Endocarditis is an inflammatory disorder affecting the innermost layer of the heart which usually involves valvular endocardium but may involve other regions of the endocardium as well. Its etiology can be either bacterial, resulting in infective endocarditis, or non-bacterial, also known as non-bacterial thrombotic endocarditis, the latter being commonly associated with malignancies. A daunting aspect of this disease is the polymorphic spectrum of complications, including neurovascular events, primarily ischemic stroke and cerebral abscess. Ischemic stroke is a consequence of reduced or arrested blood flow to a brain region, resulting in metabolic dysregulation, generated by various pathophysiological mechanisms [1,2,3].
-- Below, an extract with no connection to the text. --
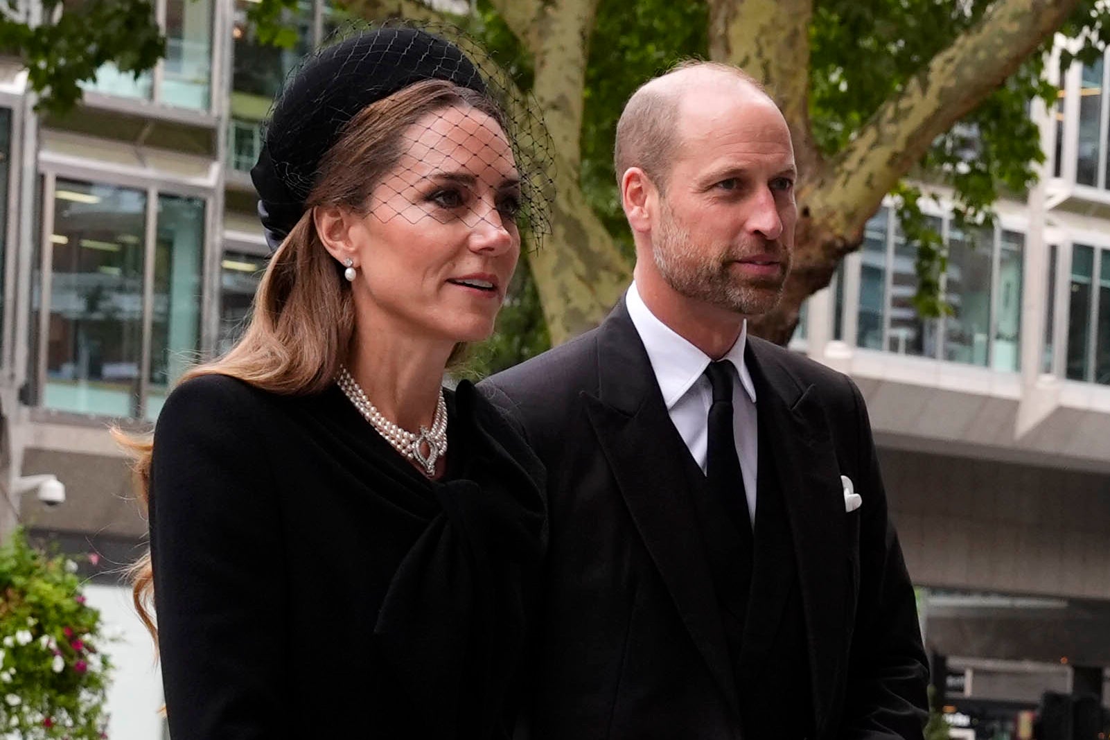 Andrew and Sarah sat at the end of a row. Kate sat across the aisle, wearing a four-strand pearl-and-diamond choker necklace that belonged to the late Queen Elizabeth II.

Current practice for the diagnosis of infective endocarditis is based on the use of the Modified Duke Criteria [4]. Research has been conducted to explore the potential of brain imaging to enhance the pre-existing methods of diagnosing endocarditis in the context of ischemic stroke. This is due to the growing necessity to ensure timely and effective treatment for this condition [5,6]. This study aims to compare the clinical and imaging aspects of stroke caused by endocarditis with stroke induced by a different etiology (another source of cardioembolism or large-artery atherosclerosis) and to assess the usefulness of brain imaging as a tool for diagnosing endocarditis when Modified Duke Criteria are not met.

We conducted a nested case-control study in which we enrolled 42 patients admitted to the Neurology Department of the National Institute of Neurology and Neurovascular Diseases Bucharest over the course of 99 months (September 2014 – December 2022). The inclusion of the patients in the study group was based on coexisting diagnoses of endocarditis and ischemic stroke. Modified Duke Criteria were employed for diagnosing infective endocarditis [4]. Subsequently, we assembled an equally sized control group similar to the study group in terms of demographics and cardiovascular risk factors and including endocarditis-free patients with ischemic stroke due to cardioembolism (originating from sources other than valvular vegetations) or to large-artery atherosclerosis.

The following parameters were evaluated for both cohorts: demographics, risk factors, laboratory results, brain imaging (MRI + CT), and outcome.

Regarding patients’ outcome (evaluated at discharge), three categories were employed: improved (patients discharged in a better condition than at admission), worsened (patients transferred to other departments or hospitals due to various serious complications), and deceased.

Descriptive statistics included the calculation of the median (Q1, Q3) as the continuous numerical variables had an asymmetric distribution. Hemorrhagic transformation was classified according to the ECASS II system [9].

Shapiro-Wilk test was used to assess the normality of data distribution. Mann-Whitney test with continuity correction was used to compare continuous (numerical) variables.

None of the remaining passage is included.